Should You Avoid Consuming Citrus (OJ and Lemon Water Included) On an Empty Stomach? Gastroenterologists Weigh In

Photo: Stocksy/Elena Kharichkina
Whether it’s drinking that go-to morning glass of lemon water, reaping the benefits of kumquats by eating them whole, sipping fresh-squeezed orange juice, or eating grapefruit wedges by the spoonful, plenty of people start their day by enjoying some form of citrus. “In general, citrus fruit provides a rich source of vitamins, minerals, and dietary fiber that is essential for overall greater well-being,” Genail McKinley, a holistic nutritionist, previously told Well+Good. And you can't deny that the classic tart-and-tangy zing you get from citrus fruits helps fight off some of the morning blearies.

Experts In This Article
  • Mark Pimentel, MD, board-certified gastroenterologist and executive director of the Medically Associated Science and Technology Program at Cedars-Sinai Medical Center
  • Peyton Berookim, MD, board-certified gastroenterologist at the Gastroenterology Institute of Southern California

However, as gastroenterologist Peyton Berookim, MD, explains, citric fruits also contain high amounts of citric acid, which is what lends them their sour flavor. And it’s for this reason that there seems to be some confusion about whether or not it’s okay to consume citrus on an empty stomach. According to Dr. Berookim, folks often come to him with questions like: Is citric acid okay on an empty stomach? Is citrus good in the morning? And can we eat citrus fruit on an empty stomach?
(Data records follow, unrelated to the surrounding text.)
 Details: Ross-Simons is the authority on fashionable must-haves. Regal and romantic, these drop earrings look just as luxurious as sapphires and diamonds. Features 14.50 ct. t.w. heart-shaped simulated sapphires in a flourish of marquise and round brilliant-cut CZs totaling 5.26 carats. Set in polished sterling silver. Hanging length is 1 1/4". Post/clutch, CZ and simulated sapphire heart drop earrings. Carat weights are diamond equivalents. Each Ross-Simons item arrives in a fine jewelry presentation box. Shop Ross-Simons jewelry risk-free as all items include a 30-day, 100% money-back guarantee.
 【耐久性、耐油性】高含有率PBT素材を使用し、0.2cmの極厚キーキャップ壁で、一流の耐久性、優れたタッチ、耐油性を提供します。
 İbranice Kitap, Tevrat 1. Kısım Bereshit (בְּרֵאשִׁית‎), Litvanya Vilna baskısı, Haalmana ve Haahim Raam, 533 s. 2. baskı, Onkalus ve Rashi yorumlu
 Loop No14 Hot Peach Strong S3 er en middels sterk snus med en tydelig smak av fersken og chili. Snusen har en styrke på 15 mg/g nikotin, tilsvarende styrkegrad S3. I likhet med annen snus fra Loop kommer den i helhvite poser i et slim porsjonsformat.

In most cases, the answer to all of these questions is yes, according to Dr. Berookim as well as gastroenterologist Mark Pimentel, MD, an associate professor of medicine and of gastroenterology at Cedars- Sinai. “The stomach is a very acidic place,” Dr. Pimentel says. “So for most people, citrus is not a problem.” For every rule, though, there are exceptions.
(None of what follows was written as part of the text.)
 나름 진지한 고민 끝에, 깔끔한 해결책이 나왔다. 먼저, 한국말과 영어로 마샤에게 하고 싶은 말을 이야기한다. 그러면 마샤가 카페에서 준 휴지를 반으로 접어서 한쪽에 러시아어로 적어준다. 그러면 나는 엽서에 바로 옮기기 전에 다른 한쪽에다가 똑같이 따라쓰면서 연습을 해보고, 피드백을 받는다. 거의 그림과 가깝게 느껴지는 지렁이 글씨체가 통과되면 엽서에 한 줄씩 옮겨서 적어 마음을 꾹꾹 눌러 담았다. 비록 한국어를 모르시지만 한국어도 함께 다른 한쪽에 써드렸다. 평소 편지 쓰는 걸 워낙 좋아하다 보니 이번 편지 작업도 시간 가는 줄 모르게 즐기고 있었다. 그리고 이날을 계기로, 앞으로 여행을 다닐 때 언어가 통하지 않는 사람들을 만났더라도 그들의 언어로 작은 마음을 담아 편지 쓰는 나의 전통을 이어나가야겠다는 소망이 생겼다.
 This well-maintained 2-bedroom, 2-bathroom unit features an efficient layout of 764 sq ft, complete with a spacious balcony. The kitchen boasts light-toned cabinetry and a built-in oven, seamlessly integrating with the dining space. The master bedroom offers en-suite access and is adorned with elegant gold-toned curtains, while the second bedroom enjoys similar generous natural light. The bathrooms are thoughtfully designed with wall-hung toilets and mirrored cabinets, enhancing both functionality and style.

Who shouldn’t consume citrus on an empty stomach

Eating citrus when you don’t have any food in your stomach can be an issue if you have a history of significant heartburn (otherwise known as GERD), explains Dr. Pimentel. “In part because you are drinking an acid drink and your food pipe, or esophagus, is already irritated due to your GERD condition,” he says. “Secondly, because adding more acid and more liquid volume, you can have more reflux.”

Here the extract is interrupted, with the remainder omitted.